While I’d preferably upload the data to a provider I trust, accidents happen, and since they don’t need to access the data, I’d prefer them not being able to, maliciously or not, so what is a good way to encrypt the data before it leaves my system?
What is a good way to upload the data?
After it has been encrypted, it needs to be sent. Is there any good software that can upload backups automatically on regular intervals? Maybe something that also handles the encryption part on the way?
Then there’s the offsite storage provider. Personally I’d appreciate as many suggestions as possible, as there is of course no one size fits all, so if you’ve got good experiences with any, please do send their names. I’m basically just looking for network attached drives. I send my data to them, I leave it there and trust it stays there, and in case too many drives in my system fail for RAID-Z to handle, so 2, I’d like to be able to get the data off there after I’ve replaced my drives. That’s all I really need from them.
For reference, this is gonna be my first NAS/Server/Anything of this sort. I realize it’s mostly a regular computer and am familiar enough with Linux, so I can handle that basic stuff, but for the things you wouldn’t do with a normal computer I am quite unfamiliar, so if any questions here seem dumb, I apologize. Thank you in advance for any information!
External drives that I keep in my office at work. Also cloud storage.
so if any questions here seem dumb
Not dumb. I say the same, but I have a severe inferiority complex and imposter syndrome. Most artists do.
1 local backup 1 cloud back up 1 offsite backup to my tiny house at the lake.
I use Synchthing.
+1 syncthing
Weird down votes?
I use rsync.net
It’s not the lowest price, but I like the flexibility of access.
For instance, I was able to run rclone on their servers to do a direct copy from OneDrive to rsync.net, 400Gb without having to go through my connection.
I can mount backups with sshfs if I want to, including the daily zfs snapshots.
As others have said, use tools like borg and restic.
Shop around for cloud storage with good pricing for your use-case. Many charge for different usage patters, like restoring data, or uploading.

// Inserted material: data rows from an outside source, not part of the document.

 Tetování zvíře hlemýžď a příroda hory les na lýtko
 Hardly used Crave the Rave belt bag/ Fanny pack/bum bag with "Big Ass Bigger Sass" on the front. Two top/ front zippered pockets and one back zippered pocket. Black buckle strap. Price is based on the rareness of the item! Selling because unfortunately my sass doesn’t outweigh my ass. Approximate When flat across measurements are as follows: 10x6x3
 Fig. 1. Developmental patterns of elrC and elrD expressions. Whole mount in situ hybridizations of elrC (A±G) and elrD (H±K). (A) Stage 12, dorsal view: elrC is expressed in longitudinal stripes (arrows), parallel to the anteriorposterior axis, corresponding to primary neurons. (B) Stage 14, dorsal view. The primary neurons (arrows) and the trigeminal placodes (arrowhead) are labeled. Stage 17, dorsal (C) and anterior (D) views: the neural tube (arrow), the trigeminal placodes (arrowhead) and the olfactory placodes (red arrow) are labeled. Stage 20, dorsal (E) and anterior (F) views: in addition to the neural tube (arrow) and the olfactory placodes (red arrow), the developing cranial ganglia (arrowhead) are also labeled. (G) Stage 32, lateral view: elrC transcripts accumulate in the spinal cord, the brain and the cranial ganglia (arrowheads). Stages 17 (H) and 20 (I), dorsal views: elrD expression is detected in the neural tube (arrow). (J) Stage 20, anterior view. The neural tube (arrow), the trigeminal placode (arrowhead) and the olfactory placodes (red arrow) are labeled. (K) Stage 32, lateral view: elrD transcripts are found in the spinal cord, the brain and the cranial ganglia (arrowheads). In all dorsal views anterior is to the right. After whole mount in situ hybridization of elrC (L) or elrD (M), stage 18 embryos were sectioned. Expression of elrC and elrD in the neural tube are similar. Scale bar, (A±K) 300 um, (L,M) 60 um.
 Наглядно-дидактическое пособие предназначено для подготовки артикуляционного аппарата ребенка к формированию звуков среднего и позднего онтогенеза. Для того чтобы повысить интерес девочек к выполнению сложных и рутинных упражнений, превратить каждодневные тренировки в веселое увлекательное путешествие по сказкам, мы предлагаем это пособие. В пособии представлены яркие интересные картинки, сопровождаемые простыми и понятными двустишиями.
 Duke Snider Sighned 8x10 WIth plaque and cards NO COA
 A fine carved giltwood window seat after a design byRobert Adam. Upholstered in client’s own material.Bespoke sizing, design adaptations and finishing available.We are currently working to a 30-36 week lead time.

Check out storj.io, I like their pricing - they charge for downloading/restore (IIRC), and I figure that’s a cost I can live with if I need to restore.
My ratchet way of doing it is Backblaze. There is a docker container that lets you run the unlimited personal plan on Linux by emulating a windows environment. They let you set an encryption key so that they can’t access your data.
I’m sure there are a lot more professional and secure ways to do it, but my way is cheap, easy, and works.
I use backblaze as well, got an link to the docker container - that may save me a few dollar bucks a week and thus keep SWMBO happier
Probably a me problem but kept having problems with that docker on unraid, it’s just in the community apps ‘store’. The vm seemed to just crash randomly.
I switched over to their B2 storage and just use rclone to an encrypted bucket and it’s ~<$5/mo which I’m good with. Biggest cost is if I let it run too often and it spends a bunch of their compute time listing files to see if it needs to update them.
What’s the container’s name? I was about to get backblaze and then was frustrated at the cost difference between the desktop personal plan and the one for deploying on my server
I just use
restic
.I’m pretty sure it uses checksums to verify data on the backup target, so it doesn’t need to copy all of the data there.
I use Linux, so encryption is easy with LUKS, and Free File Sync to drives that rotate to a safety deposit box at the bank for catastrophic event, such as a house fire. Usually anything from the last few months are still on my mobile devices.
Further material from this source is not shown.